Currently, I have a Server A that is holding about 25 billion records (several terabytes size) with the following structure:
CREATE TABLE `table_x` ( `id` bigint(20) unsigned NOT NULL AUTO_INCREMENT, `a1` char(64) DEFAULT NULL, `b1` int(11) unsigned DEFAULT NULL, `c1` tinyint(1) DEFAULT NULL, `LastUpdate` timestamp NOT NULL DEFAULT current_timestamp() ON UPDATE current_timestamp(), PRIMARY KEY (`id`), UNIQUE KEY `idxb1a1` (`b1`,`a1`) ) ENGINE=InnoDB DEFAULT CHARSET=utf8;
As the data is growing too big, I am trying to migrate these records into Server B with the same schema structure using bulk insert of 10K records (e.g INSERT INTO yourtable VALUES (1,2), (5,5), ...;) in asecending order by the column id.
Initially, the insertion rate was really quick - however, it gradually slowed down and now takes about 10 secs to bulk insert 10K records (i.e 1K/sec). I am guessing its because it needs to update the indexes after every insertion.

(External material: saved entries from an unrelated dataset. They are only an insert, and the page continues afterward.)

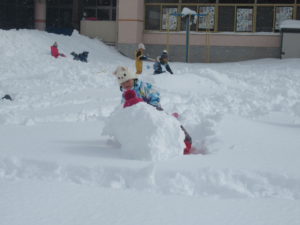 5歳児さんは、大きな雪玉を使ったキャラクターも作っていました!!(保育士も、出来上がりに驚きすぎて写真を撮ることを忘れてしまいました)
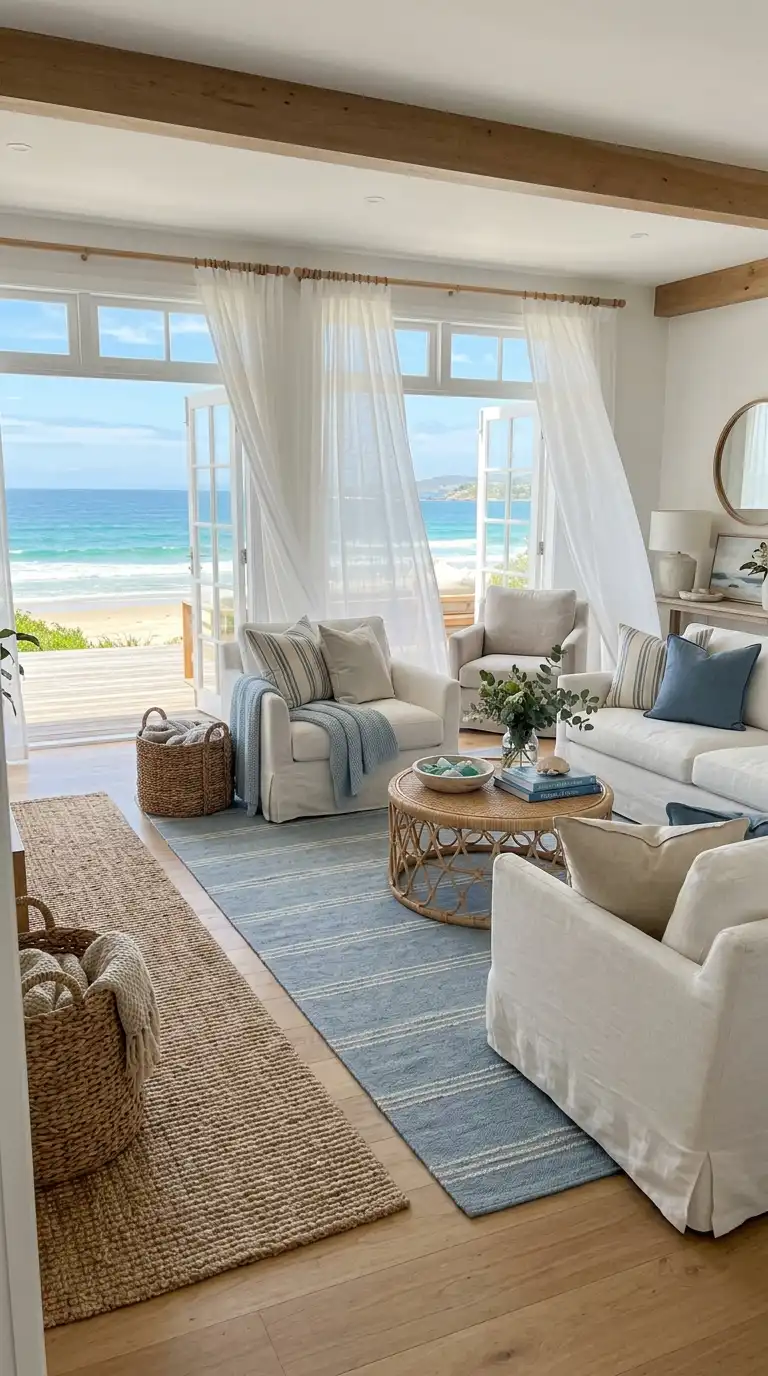 A coastal-inspired blue rug in a soft, weathered shade sets the tone for a relaxed beachy living room. Pair it with white slipcovered furniture, natural wood accents, and plenty of texture through jute, rattan, and linen. The combination feels fresh, airy, and effortlessly inviting, evoking the calm of the seaside.
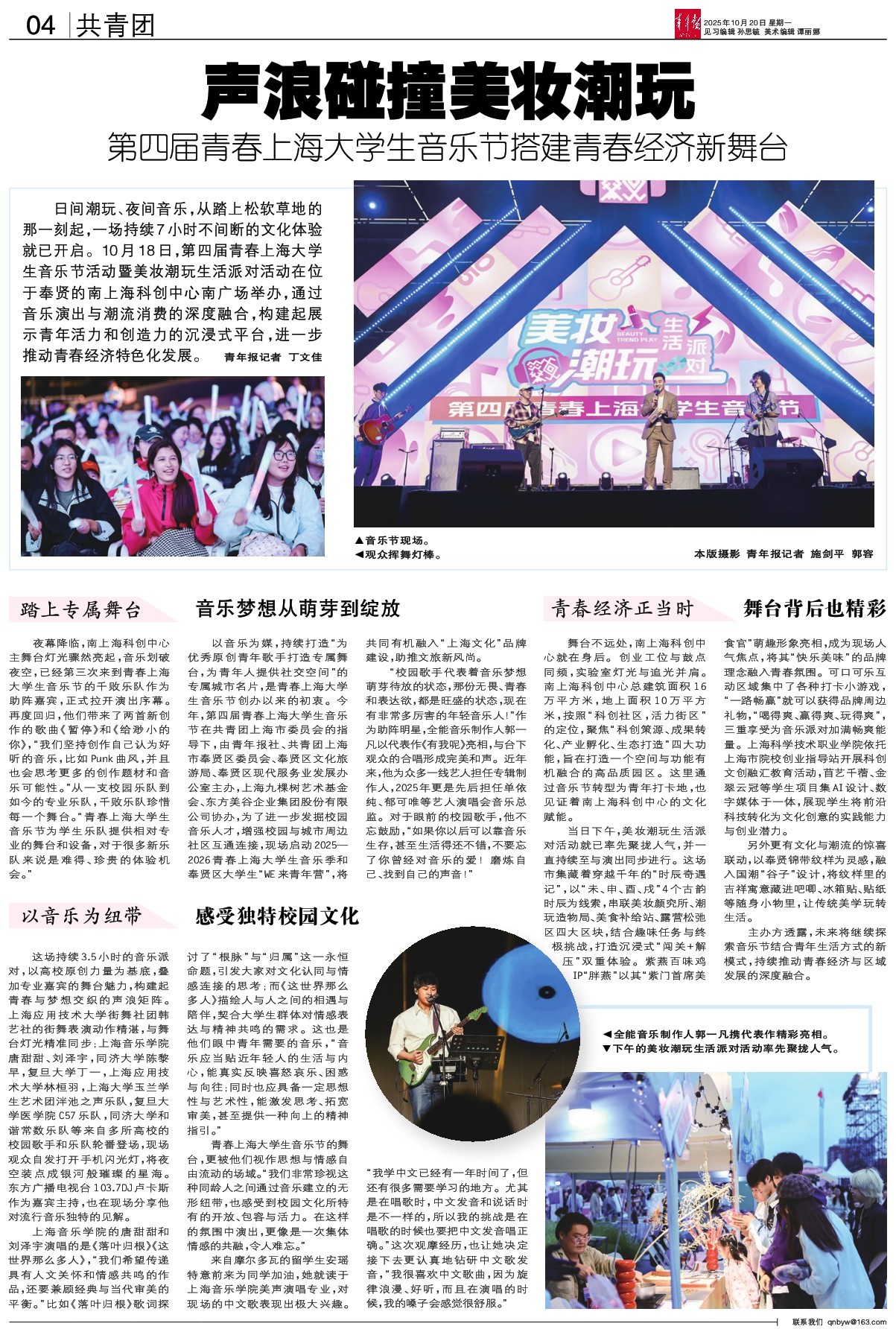 日间潮玩、夜间音乐,从踏上松软草地的那一刻起,一场持续7小时不间断的文化体验就已开启。10月18日,第四届青春上海大学生音乐节活动暨美妆潮玩生活派对活动在位于奉贤的南上海科创中心南广场举办,
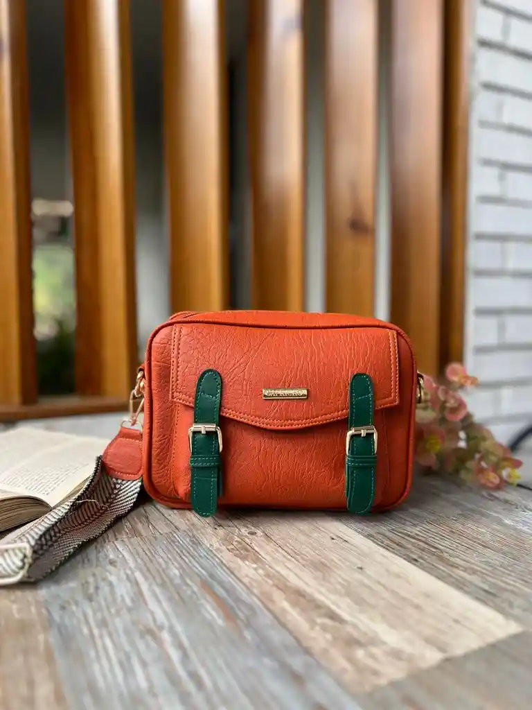 •Manos libres •Material sintético enquesillado •Herrajes de lujo dorados •Alto 20 •Ancho 26
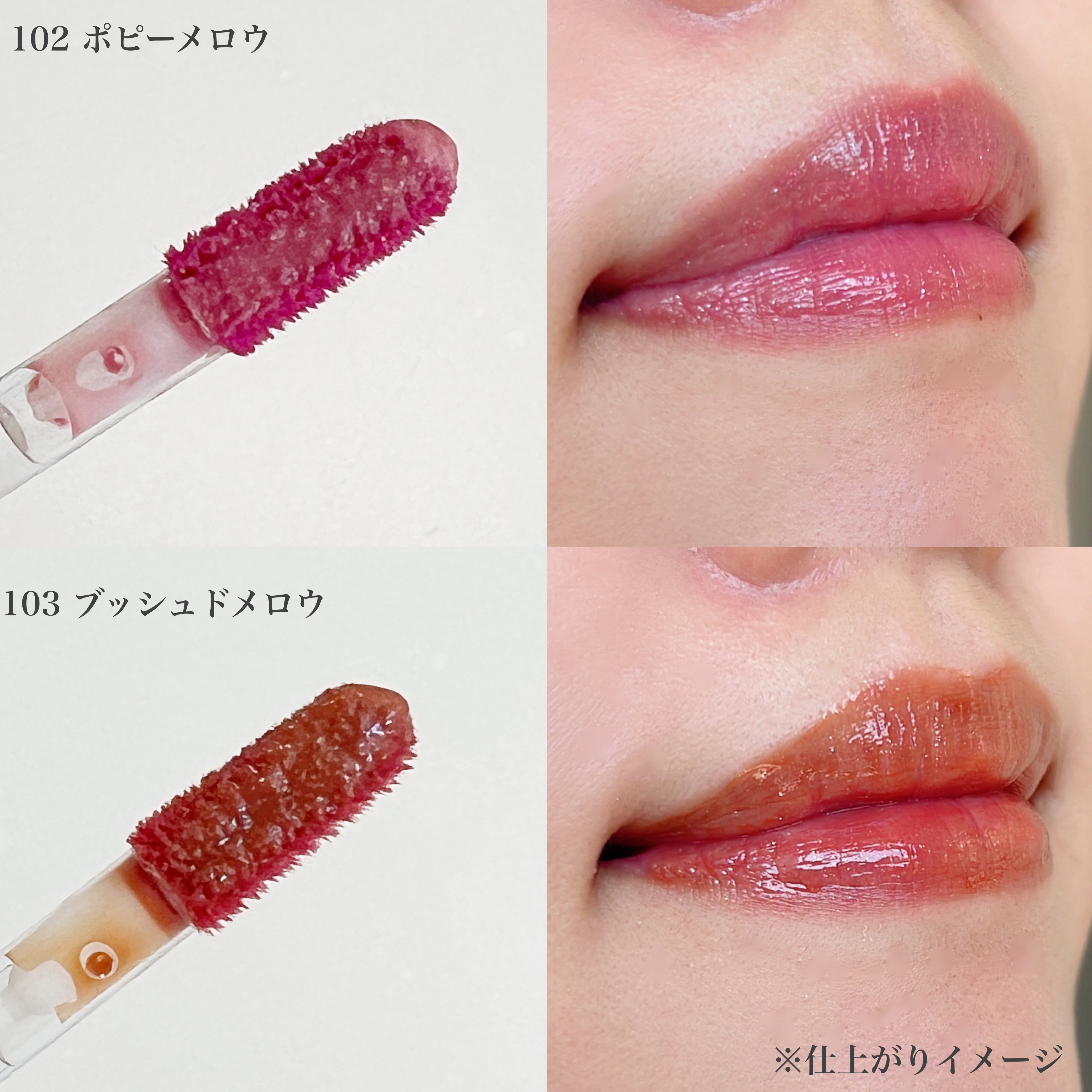- ぽっと染まった唇、ぎゅっとハグして離さない。つやつやジェル膜がつけたての色を守り、きれい発色つづくプランプ*リップ *メイク効果

I have done the following configuration on Server B before starting the migration :
innodb_flush_log_at_trx_commit=2SET unique_checks=0;autocommit=0and commit every 50K
Server B hardware configuration :
- 300GB+ ram (240GB used for
innodb_buffer_pool_size) - SSDs for data storage
Server B my.cnf :
innodb_buffer_pool_size=240G innodb_buffer_pool_instances=64 innodb_page_cleaners=32 innodb_purge_threads=1 innodb_read_io_threads=64 innodb_write_io_threads=64 innodb_use_native_aio=0 innodb_flush_log_at_trx_commit=2 innodb_doublewrite=0 innodb_autoinc_lock_mode=2 innodb_file_per_table=1 max_connections=10000 skip_name_resolve=1 tmp_table_size=134217728 max_heap_table_size=134217728 back_log=1000 wait_timeout=900 innodb_log_buffer_size=32M innodb_log_file_size=768M Is there anything else I can do or configure to speed up the insertion?
Update #1 :
The reason why I am trying to migrate the records over to Server B is because I would like to break/shard the data into few servers (to use MariaDB SPIDER engine sharding solution). As such, solutions that involved sending a snapshot of the data or directly copying over the data doesn't seem viable.